The seal of the Army seen during a House Armed Services Committee hearing to discuss the President's FY 2023 budget for the Department of Defense on Tuesday, April 5, 2022.
Greg Nash
The seal of the Army seen during a House Armed Services Committee hearing to discuss the President’s FY 2023 budget for the Department of Defense on Tuesday, April 5, 2022.

The first order of business for the post midterm elections lame-duck session of Congress should be an agreement on a budget framework and passage of fiscal year 2023 appropriations bills.

This critical task should be done before Congress adjourns at the end of the year. Most importantly, it must be completed prior to the Dec. 16 deadline of the current continuing resolution (CR). Under this CR, the Defense Department is losing up to $207 million in buying power per day. The new Congress should not have to start its first session with urgent old business hanging over its head and increasing damage to national security.

Defense needs at least $824 billion in fiscal year (FY) 2023 to mitigate inflation, modernize and support the force. As the process of reaching a budget agreement will, unfortunately, likely include discussions again about defense and non-defense budget parity, a better understanding of what is in the defense budget (the largest single piece of discretionary spending) can help.

This country has always, and will always, debate how to appropriately spend taxpayer dollars. It should.
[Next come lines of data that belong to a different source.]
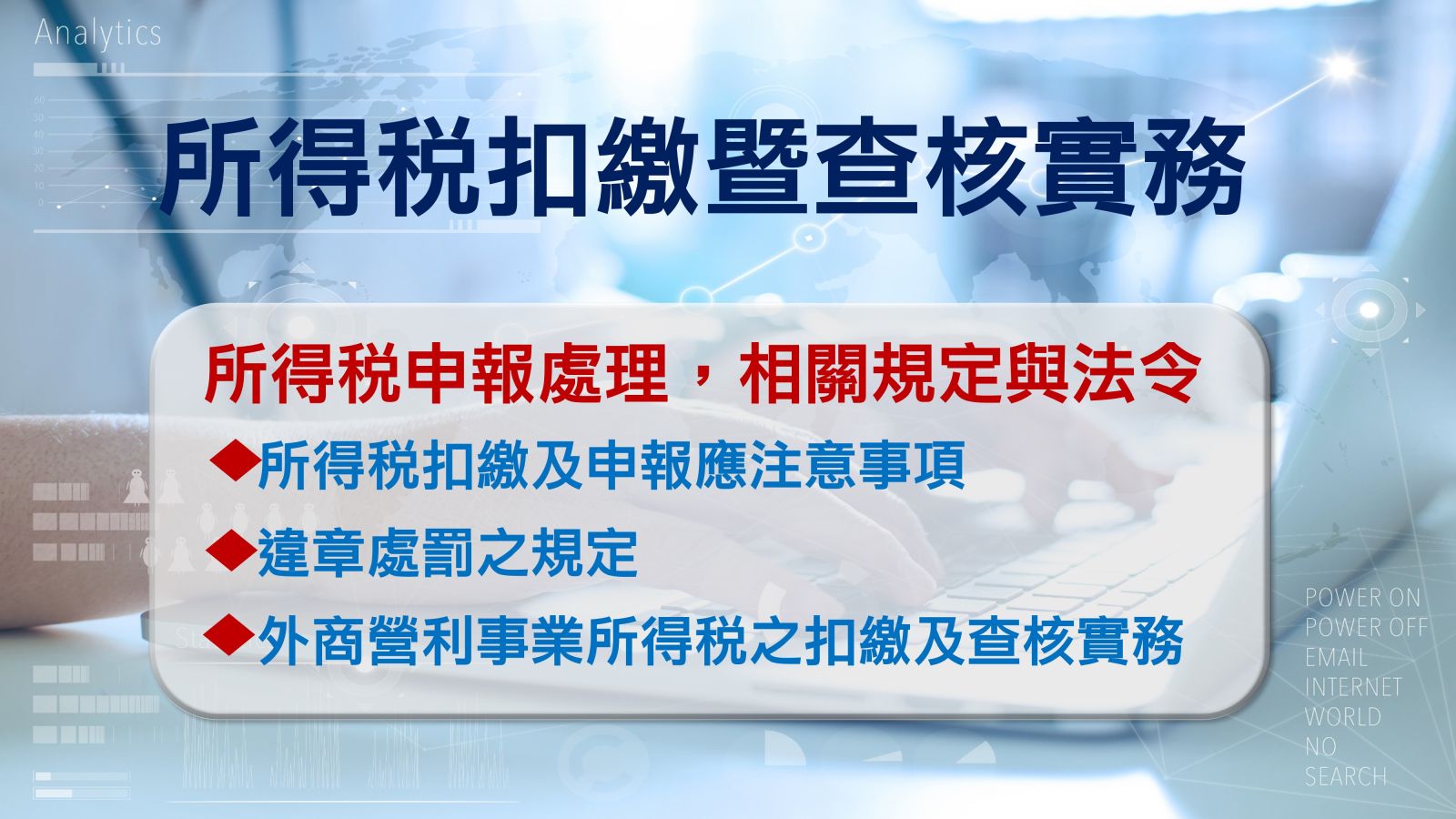 鑑於企業所得稅申報處理,對於相關規定與法令不瞭解,而導致觸法,造成對企業不利而產生損失,特開辦此課程以協助各大企業財會專業人員增加實務經驗。
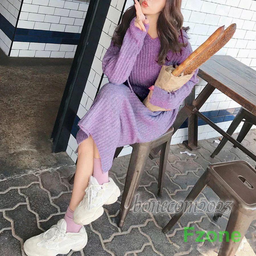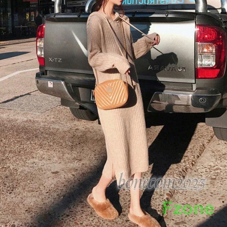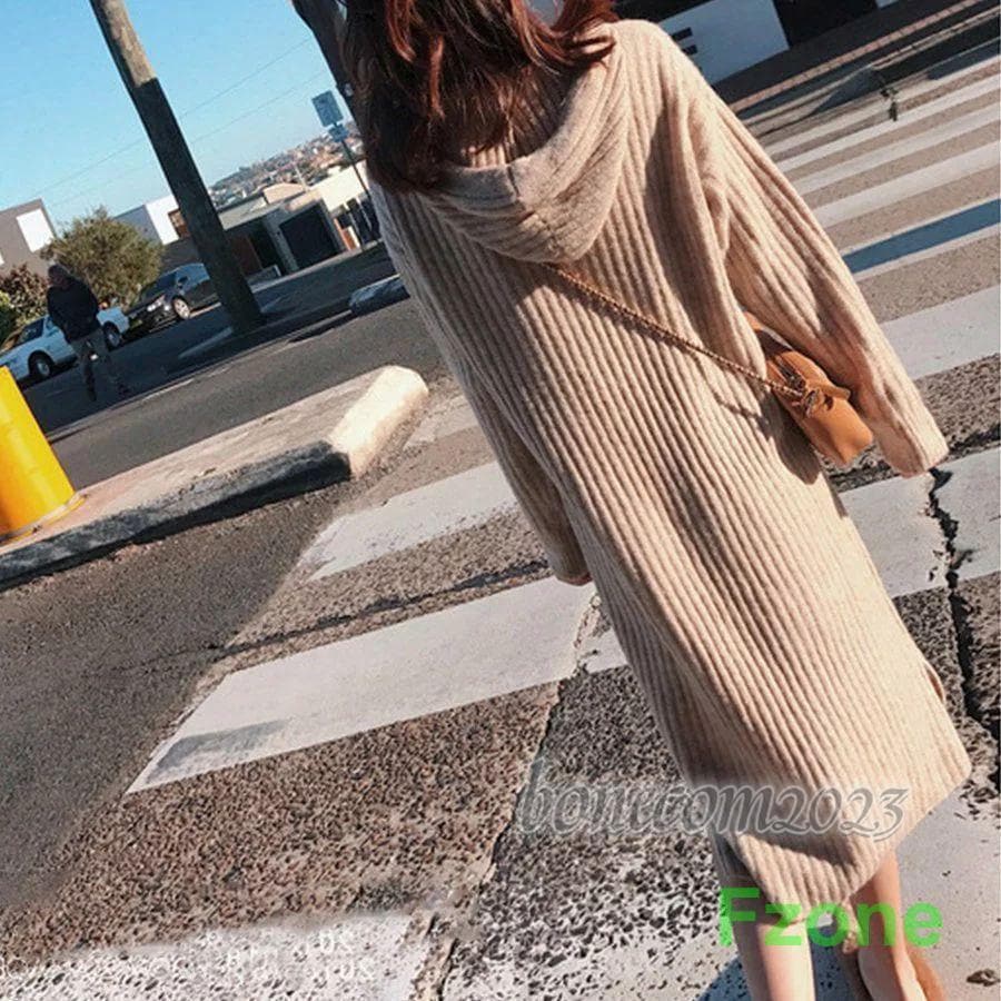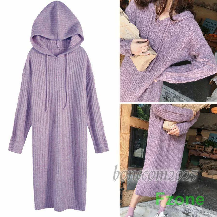 ニットワンピース レディース 秋冬 ワンピース ミモレ丈 パーカー ロングワンピ ス トレッチ ミディアム 長袖 フレア キレイめ 可愛い ゆったり カジュアル 通
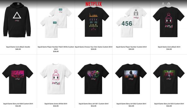 赶上这一波热潮,奈飞顺势在旗下Netflix.shop上推出了服饰产品,主要是一系列T恤衫,包括主人公在剧中的号码456号,以及管理员等相关角色图像。不过,相较于第三方市场上的火爆状态,奈飞的产品上线偏晚,也没有给予“官方”周边太多的宣传扶持。
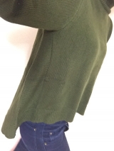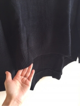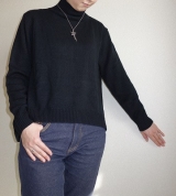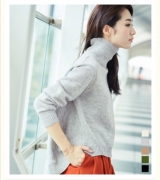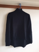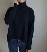 今年らしいタートルネックデザインに、裾は前後差のあるイレギュラーヘムラインで仕上げた、一枚でもサマになるニット。
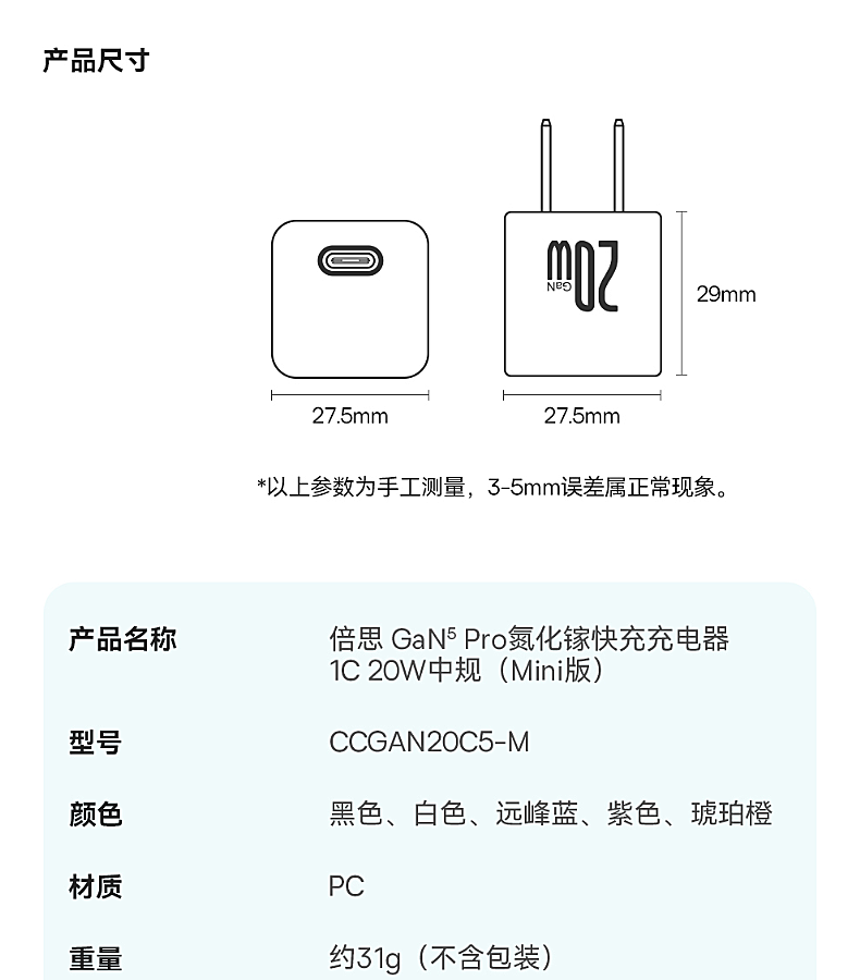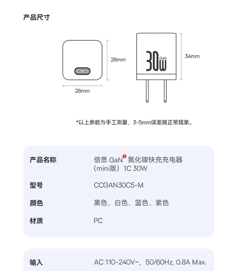 型号:倍思氮化镓30w
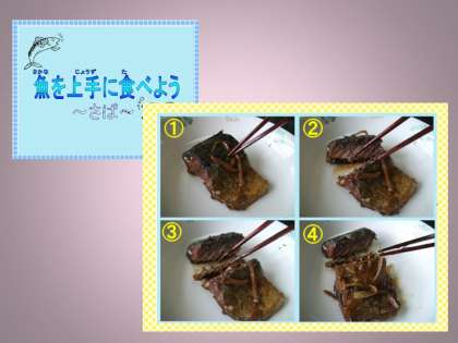 電子紙芝居「給食室からこんにちは」で,食べ方も紹介したことや,5月の「さばのしょうが煮」に引き続き今年度2回目ということもあって,骨を上手にとってしっかり食べることができました。

But what does, and should, guide our thinking about federal priorities? The Declaration of Independence asserts that the first duty of the government is security as it lays out self-evident truths, including the unalienable rights to life, liberty and the pursuit of happiness.

A strong national defense is the foundation for all three of these rights.

In addition, the U.S. Constitution makes clear that national defense is the only mandatory function of the national government and is exclusive to the national government.

Today’s federal government does many things. Defense, as the only mandatory and exclusive job of the federal government, should not be a priority. It should be the priority.

Budget transparency also matters. A clear and complete understanding of the budget is necessary to enable members of Congress to make wise decisions about a wide range of things with national and global implications, including the annual appropriation of funds to federal departments and agencies.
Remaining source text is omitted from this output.